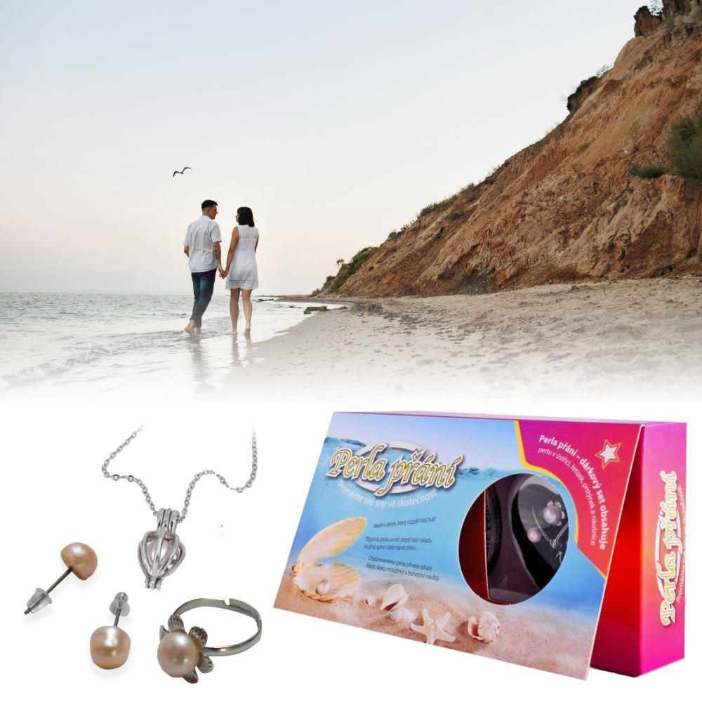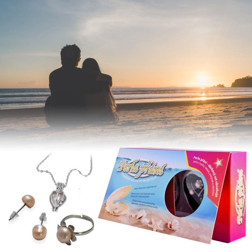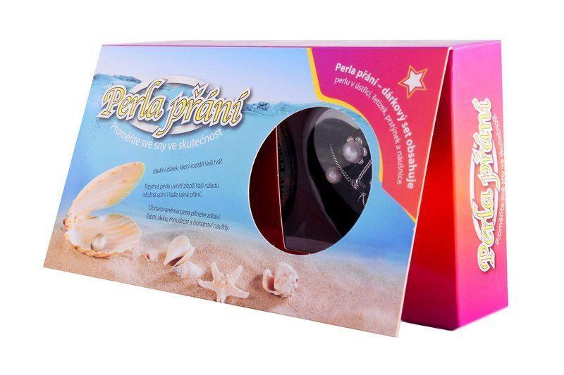 A čo je tou najväčšou zaujímavosťou? Vo vnútri balenia sa nachádza mušľa ustrice a v nej farebná perla priania. Žena si sama perlu vyberie a vloží do prívesku. Získa tak veľmi originálny šperk, ktorý môže neustále nosiť. K tomu sú v balení ešte navyše nádherné náušnice a prsteň. Celá sada je nádherne dizajnovo navrhnutá a šperky spolu ladia. Perla priania v sebe ukrýva ďalšie tajomstvo, pretože nikdy neviete, v akej bude farbe, a pritom každá farba niečo znamená. Perla vznikla z zrnka piesku a dorástla do veľkosti 5–8 mm.
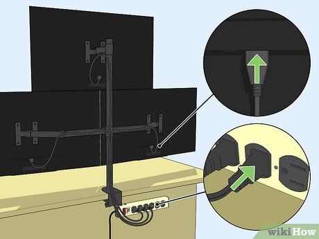 Connect the power cables for your monitors and plug them in. Ensure that all power cables can easily reach an electrical outlet. Be aware that some monitors come with very short power cables, which could make plugging them in difficult when setting up a stacked configuration.
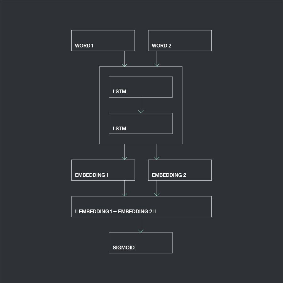 为了训练好模型,我们要使用一个包含 chars2vec 的扩展神经网络。更准确地说,我们的神经网络需要将两个 one-hot 向量序列作为输入,它们分别代表着不同的词,其次这个神经网络会使用一个 chars2vec 创建出它们所对应的词嵌入,然后计算出这些嵌入向量差值的范数,最后将这个结果反馈给网络最后一层的 sigmoid 激活函数。这个神经网络的输出范围是 0 到 1。
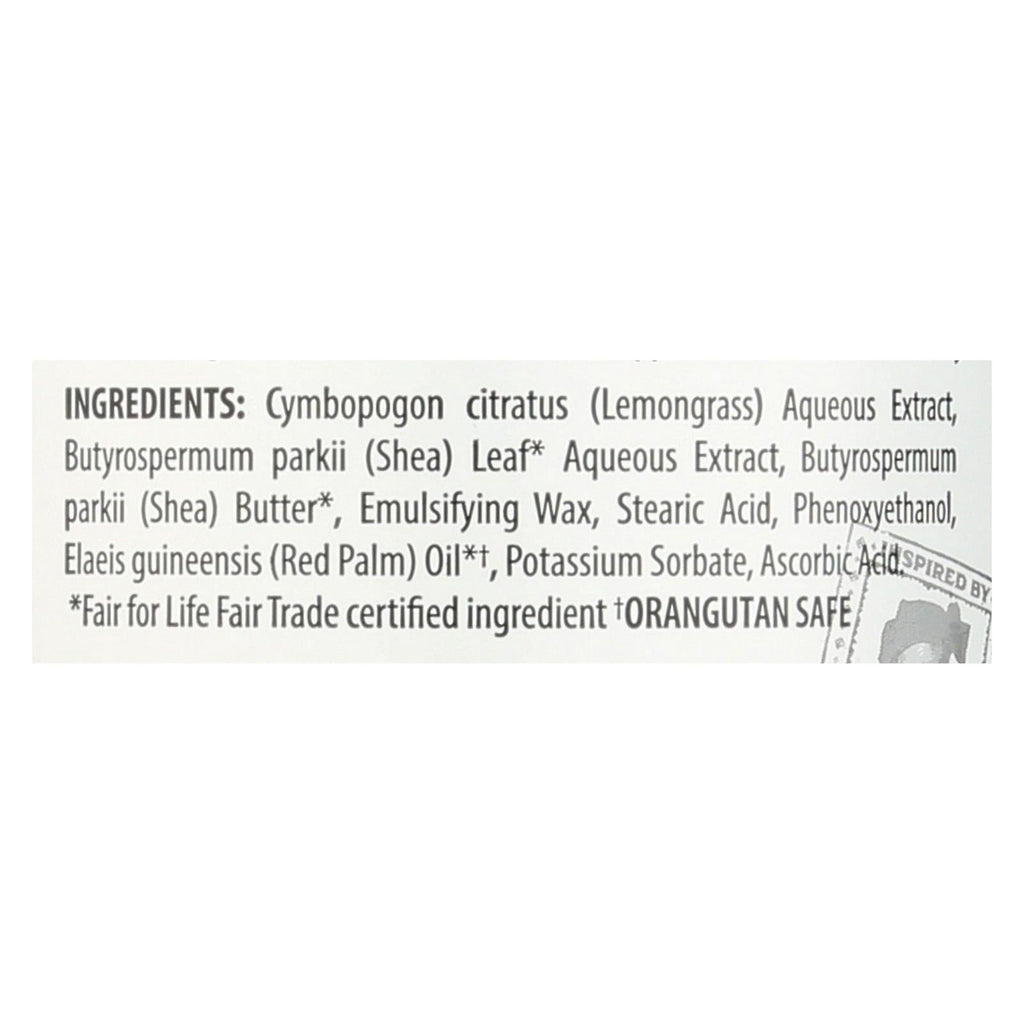 Ingredientes: Cymbopogon citratus; limoncillo; extracto acuoso; butyrospermum parkii; karité; extracto acuoso de hoja; mantequilla; cera emulsionante; ácido esteárico; fenoxietanol; elaeis guineensis; aceite de palma roja†; sorbato de potasio; ácido ascórbico.

#### Assignment
The copy must reproduce the listing above verbatim and contain no pictures.

#### Response to the task
 A čo je tou najväčšou zaujímavosťou? Vo vnútri balenia sa nachádza mušľa ustrice a v nej farebná perla priania. Žena si sama perlu vyberie a vloží do prívesku. Získa tak veľmi originálny šperk, ktorý môže neustále nosiť. K tomu sú v balení ešte navyše nádherné náušnice a prsteň. Celá sada je nádherne dizajnovo navrhnutá a šperky spolu ladia. Perla priania v sebe ukrýva ďalšie tajomstvo, pretože nikdy neviete, v akej bude farbe, a pritom každá farba niečo znamená. Perla vznikla z zrnka piesku a dorástla do veľkosti 5–8 mm.
 Connect the power cables for your monitors and plug them in. Ensure that all power cables can easily reach an electrical outlet. Be aware that some monitors come with very short power cables, which could make plugging them in difficult when setting up a stacked configuration.
 为了训练好模型,我们要使用一个包含 chars2vec 的扩展神经网络。更准确地说,我们的神经网络需要将两个 one-hot 向量序列作为输入,它们分别代表着不同的词,其次这个神经网络会使用一个 chars2vec 创建出它们所对应的词嵌入,然后计算出这些嵌入向量差值的范数,最后将这个结果反馈给网络最后一层的 sigmoid 激活函数。这个神经网络的输出范围是 0 到 1。
 Ingredientes: Cymbopogon citratus; limoncillo; extracto acuoso; butyrospermum parkii; karité; extracto acuoso de hoja; mantequilla; cera emulsionante; ácido esteárico; fenoxietanol; elaeis guineensis; aceite de palma roja†; sorbato de potasio; ácido ascórbico.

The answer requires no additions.